People go to some lengths to conceal evidence of advancing years, some of them starting from an early age. Lying about age is, I suppose, fairly common but I detect a gender (if I may use that word) difference: women will tend to claim to be younger that they truly are, whereas men don’t do that – they wait for years and then start claiming that they are older than they truly are. I cannot explain this.
Obvious signs of ageing are greying hair and the deployment of chemical dyes is popular, though usually unconvincing and when abandoned in the face of reality leaves the erstwhile deceiver looking like a badger for many weeks. This is not attractive. Baldness is another sign, afflicting men in the main if I may be sexist for a moment, for which the only remedy is a wig, and wigs don’t really work on men. For one thing, wigs don’t turn grey but the fragments of remaining hair do, and it’s a dead giveaway.

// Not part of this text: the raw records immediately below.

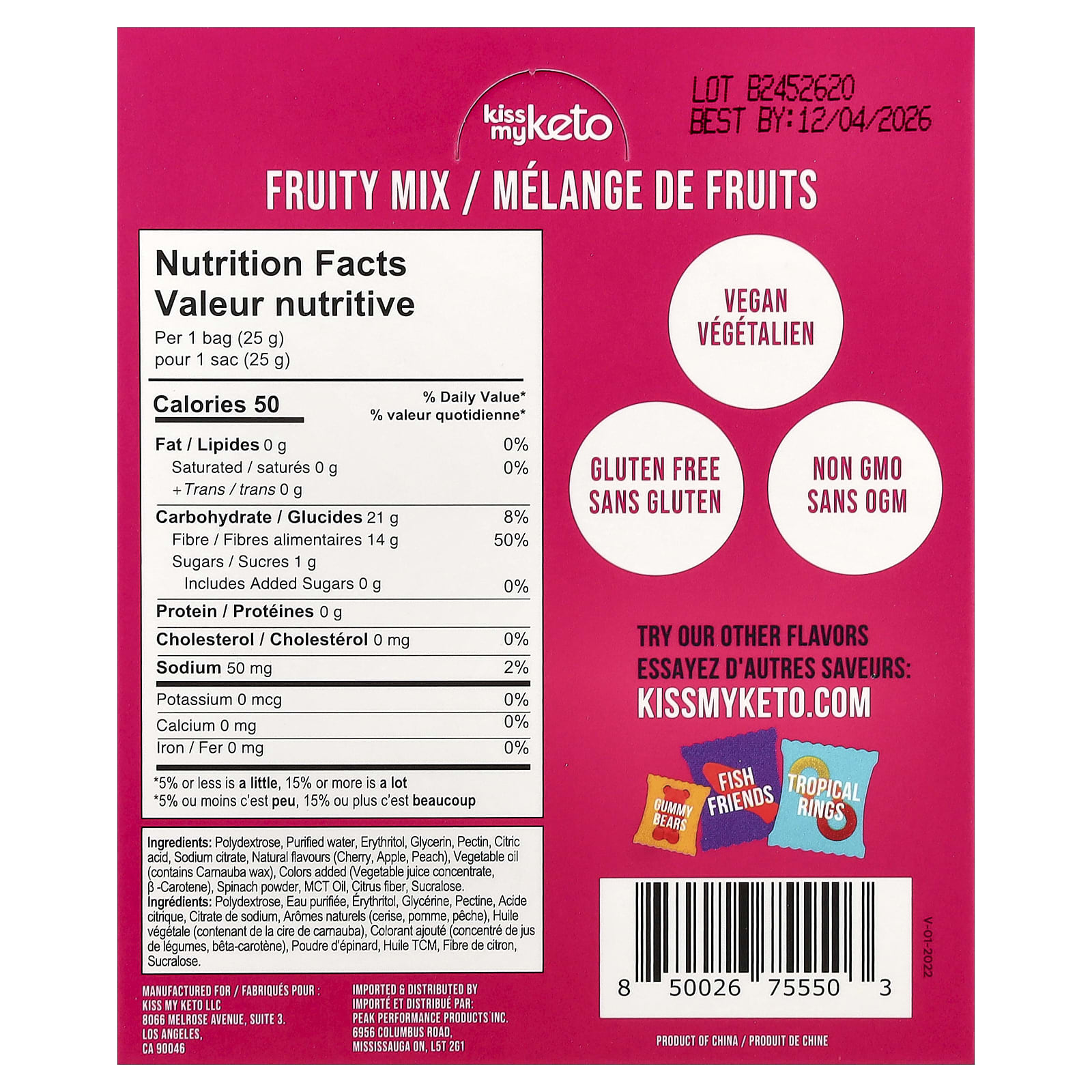 Kiss My Keto Doce de Goma Mistura de Frutas 8 Sacos 25 g (088 oz) Cada
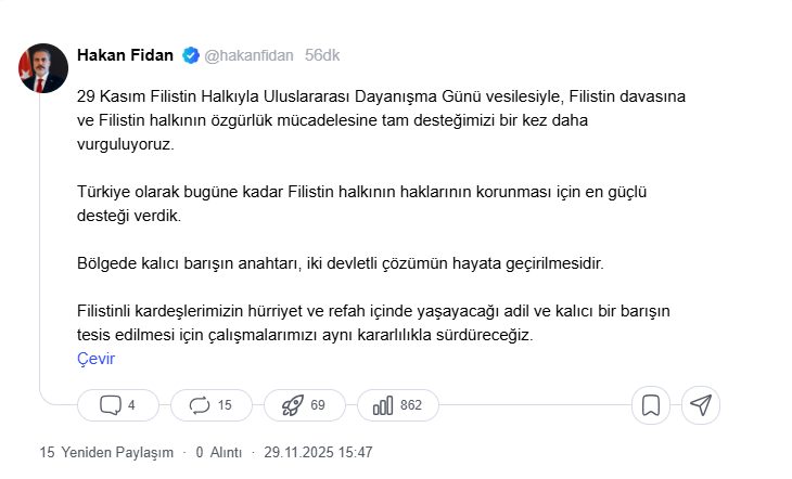 Dışişleri Bakanı Hakan Fidan, 29 Kasım Filistin Halkıyla Uluslararası Dayanışma Günü dolayısıyla yaptığı paylaşımda, "Filistinli kardeşlerimizin hürriyet ve refah içinde yaşayacağı adil ve kalıcı bir barışın tesis edilmesi için çalışmalarımızı aynı kararlılıkla sürdüreceğiz." dedi
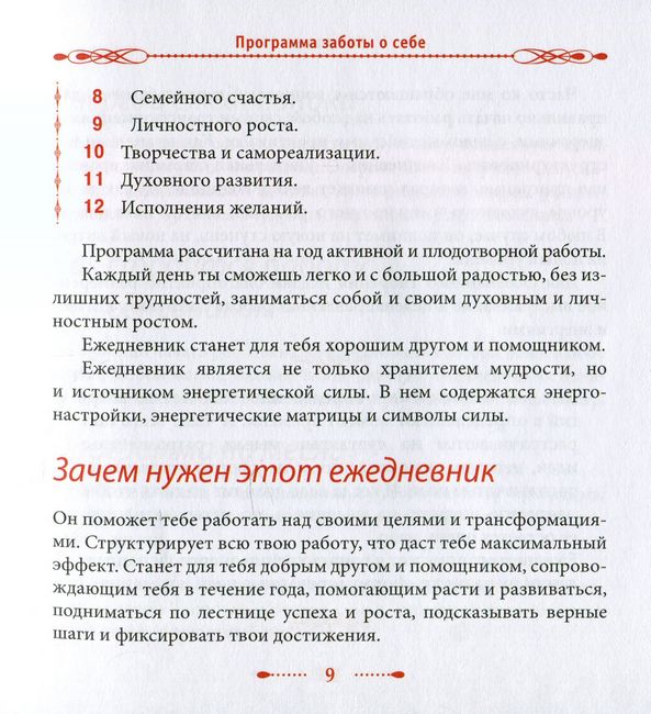 Уникальные энергетические послания недели, аффирмации трансформации, мандалы месяца для медитации и контурные мандалы для раскрашивания, разделы для записи уроков жизни, своих идей и инструментов для духовной работы - все это поможет вам воплотить мечты и цели в реальность!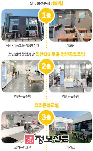익산역 앞 원도심에 위치한 음식·식품교육문화원은 원도심 재생사업, 치킨로드 사업, 청년 창업 지원을 결합한 복합 기능을 갖춘 것이 특징이다.

I have been lucky in that my hair started receding when I was still in my teens but greying came rather late, by which time I had so little hair that it was barely noticeable. I never considered a wig, though I did threaten to buy a cheap one when Mrs Croft became agitated about a few grey hairs and threatened herself with chemical dyes. Grey hair can be very attractive, but don’t tell Mrs Croft that I said so – she will think that I am preparing to ask her for a small loan.
I have never been much troubled by the milestone decades, although 70 did make me a bit thoughtful – next one is 80, after all – but I have known a number of friends who became either hysterical or depressed when 30 arrived, which I never understood. In any case, seventy is a bit late to start covering up grey hairs and buying unconvincing wigs and there is damn-all you can do about liver spots on the backs of the hands. You could wear gloves all the time, I suppose, but then people might take you for a cat burglar and alert the police.

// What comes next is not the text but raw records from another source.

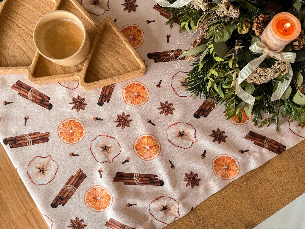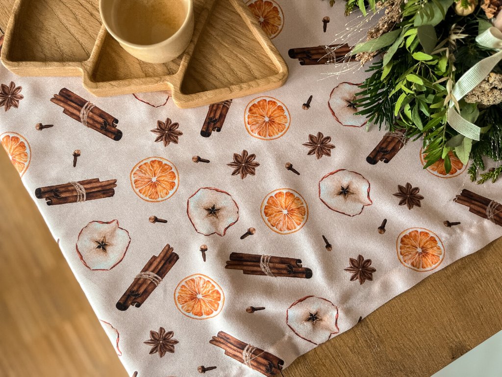 • Tato velikost byla navržena pro klasické rozměry stolů (např. 120 cm na délku) tak, aby běhoun na okrajích přepadával.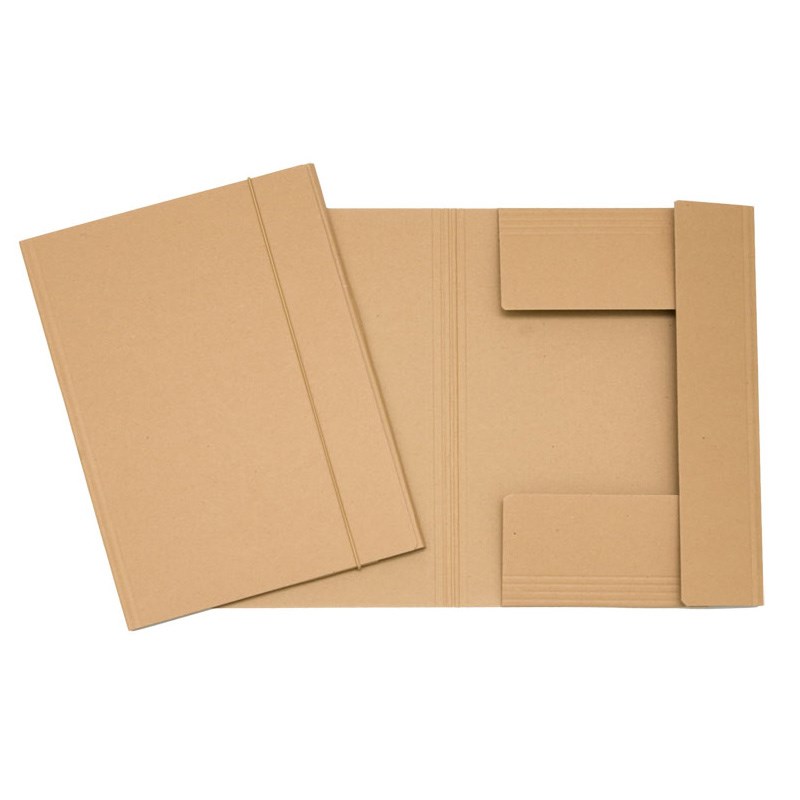 Fascikl za format A4 izrađen od natur kartona, tri klapne i gumica za zatvaranje. Dimenzije: 23 x 34 cm.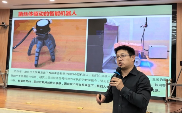 陕西省生物农业研究所副所长、资深科普工作者李勃带来的《蘑菇除了涮火锅,还能用来干点啥》专题科普讲座,是本次活动的“重头戏”。讲座中,李勃凭借深厚的专业功底与生动风趣的表达,从独特视角解读生物世界的奥秘,“菌丝体驱动的智能机器人”“未来空间站的人造肉美食”“未来火星可以用蘑菇盖房子”等新奇科研案例,让现场观众连连惊叹“脑洞大开”,深刻感受到生物科技的无限可能。

What I do not understand is those who dread or resent the arrival of grandchildren, a sign that cannot be concealed or surgically altered – the rib-eye of life. A common strategy is to forbid the traditional forms of address, grandma and granddad. My grandchildren address me as granddad (one of them sometimes calls me “stinky” but I think that there is something wrong with him) and Mrs Croft goes by granny which suits her grey hair very nicely. These are delightful honorifics and they should make us proud and happy. When our children are very young we are too busy making a living and climbing our chosen greasy poles to notice much, or to remember anyway. As limbs get heavy, joints creaky and bladders dodgy the introduction of young life is very welcome and should be embraced.
Most of us will have had experience of our children becoming, if not ashamed then embarrassed by us – instructing us to walk a few steps behind and become deniable, that kind of thing. Grandchildren don’t do this – they want their friends to know us. When I retired and came back to Yorkshire 11 years ago I had no grandchildren, now I have four – about the consequences of this more another week.
I recently went to collect my youngest, Oscar who is three, from nursery. I arrived at tea time and found him with nine others at a low table perched on tiny stools. I was invited, instructed might be a better word, to join them and Oscar found me a stool.
He introduced me and there was a ripple of applause and beaming smiles. After about 10 minutes he announced in a loud voice, “Everyone loves my granddad!” an assertion that was greeted by cheers and offers of half-eaten corned beef sandwiches. It was charming.
Half an hour later, when we left and tea was still going on, we said our goodbyes to my new friends who sent us on our way in an extraordinary manner; with gales of laughter and more cheers they waved their napkins like MPs waving their order papers in the chamber of the Commons, also known as Halitosis Hall by the uncharitable.